La familia prepara para la vida y enseña a alcanzar metas altas.
La familia es el lugar donde se acoge y desde donde se parte; donde se nos prepara para la vida y también donde se nos recibe cuando hemos fracasado. Solo en familia se sufre por los fracasos del otro y se disfruta doblemente de los éxitos ajenos.
La forma en que una familia afronta las dificultades marca el carácter de todos sus miembros.
En todas las familias hay preocupaciones, sinsabores, dificultades y pequeños obstáculos que se superan entre todos. Sin embargo, hay algunas familias donde esos obstáculos son enormes, porque aparece un sufrimiento vital que lo desborda todo. Y cómo se afronte ese sufrimiento depende de cada uno. Hay cruces muy difíciles de cargar si no se cuenta con una visión trascendente de la vida.
Educar a los hijos para la felicidad también implica enseñarles que la verdadera meta es más alta. Y que, cuando se resuelven los problemas con los pies en la tierra pero con la mirada puesta en el cielo, los cálculos cambian.
El “para qué” del sufrimiento puede transformar la vida
Me gustaría hablar del ejemplo que está dando la familia de David, un adolescente deportista, guapo, con mucha personalidad y muy especial, que en menos de un año ha perdido la vista y ha quedado en silla de ruedas debido a un glioma difuso.
Su familia es un ejemplo de alegría, entrega y sentido de vida. No se preguntan tanto el “por qué” está ocurriendo esto, sino el “para qué”. Y esa actitud nos muestra a todos que el “para qué” es hacer felices a quienes les rodean, empezando por su hijo. Es mostrar la maravilla de la vida en las cosas pequeñas y grandes, es disfrutar cada momento como si fuera el último. Es llenar cada día de vida, sin saber cuántos días quedan por vivir. Esta actitud no se improvisa, se cultiva.

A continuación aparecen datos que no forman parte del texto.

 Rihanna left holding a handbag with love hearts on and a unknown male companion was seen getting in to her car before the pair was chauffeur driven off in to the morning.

Como educadores o padres, debemos reflexionar sobre cómo preparar a nuestros hijos y alumnos para afrontar las dificultades de la vida. No sabemos qué les deparará el futuro, pero sí sabemos que la búsqueda constante de placer inmediato (la “dopamina rápida”) no les ayudará a mirar más allá, ni a darse cuenta de las necesidades del otro, ni a comprender que, a veces, hay que renunciar a cosas buenas para aspirar a otras mejores.
Educar es combinar firmeza y ternura para formar personas fuertes y libres.

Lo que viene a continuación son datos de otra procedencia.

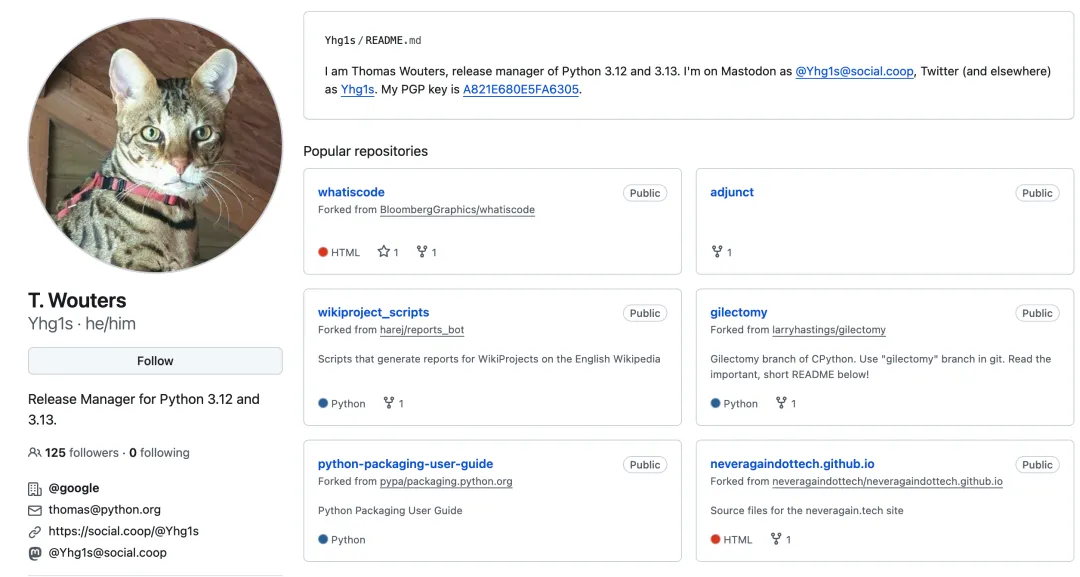 Thomas Wouters 负责了 Python 3.12 和 3.13 的整体发版流程,对于此前备受关注的 no-GIL 特性(no-GIL Python,启动!),他承担了对外沟通的大量工作。
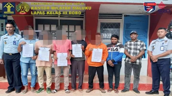 Dobo, BeritaJar.com: Lembaga Pemasyarakatan (Lapas) Kelas III Dobo memberikan Asimilasi di Rumah bagi 5 Warga Binaan Pemasyarakatan (WBP), Senin (18/7/2022).

Me gustaría detenerme en la importancia de enseñar a los hijos a elegir bien desde pequeños y a aprender a decir “no” a aquello que no les conviene. Y para ello, necesitan escuchar muchos “noes”.

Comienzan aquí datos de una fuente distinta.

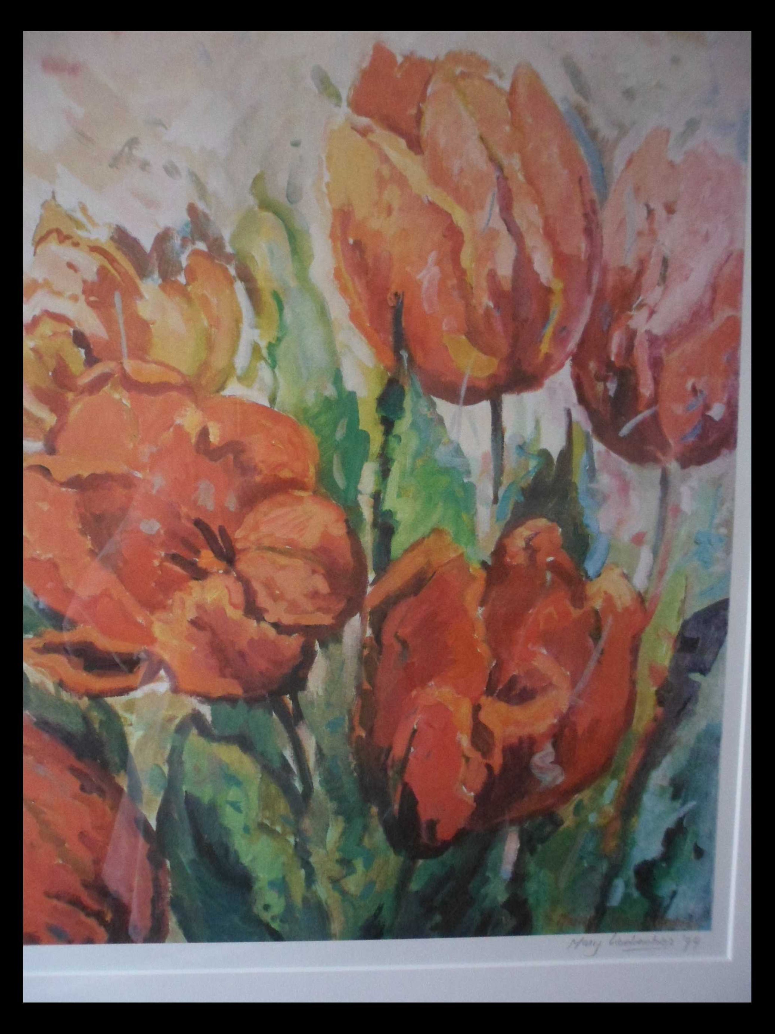 Bosje tulpen van Mary koekenbier met fraaie Barth-lijst zo goed als nieuw. Kan zo aan de muur

Hemos oído que el “no” educa, porque ayuda a aceptar que no siempre podemos hacer lo que queremos en cada momento, sino lo que debemos hacer. Aunque al principio se acepta porque lo dice una figura de autoridad (padres o profesores), a medida que aprenden a asumir las normas de forma libre, aumentan su autocontrol, su autodominio y su autoestima y esto les hace más fuertes para tomar buenas decisiones. Ya no obedecen porque “se lo dicen”, sino porque comprenden que esa norma o esa negación los prepara para elegir lo mejor para sí mismos.
No hay que esperar a que el niño o la niña crezca un poco más; desde muy pequeños son capaces de entender el “sí” y el “no”. Pero para ello, es clave la fortaleza y actitud de los padres, especialmente en las decisiones del día a día: ahora no toca comer, ahora sí, aunque no apetezca. A través de los hábitos más básicos como la alimentación, el sueño y la higiene, se trabaja ese “no” y ese “sí” tan necesarios en los primeros años de vida.
Exigencia y cariño forman el binomio perfecto para educar el carácter de los hijos. Como padres y educadores, buscamos formar personas fuertes, con una sana autoestima, con confianza en sí mismas, que sepan tolerar las frustraciones del día a día y con la mirada puesta en los otros. Solo así estarán verdaderamente preparadas para afrontar las dificultades que la vida, antes o después, les pondrá por delante.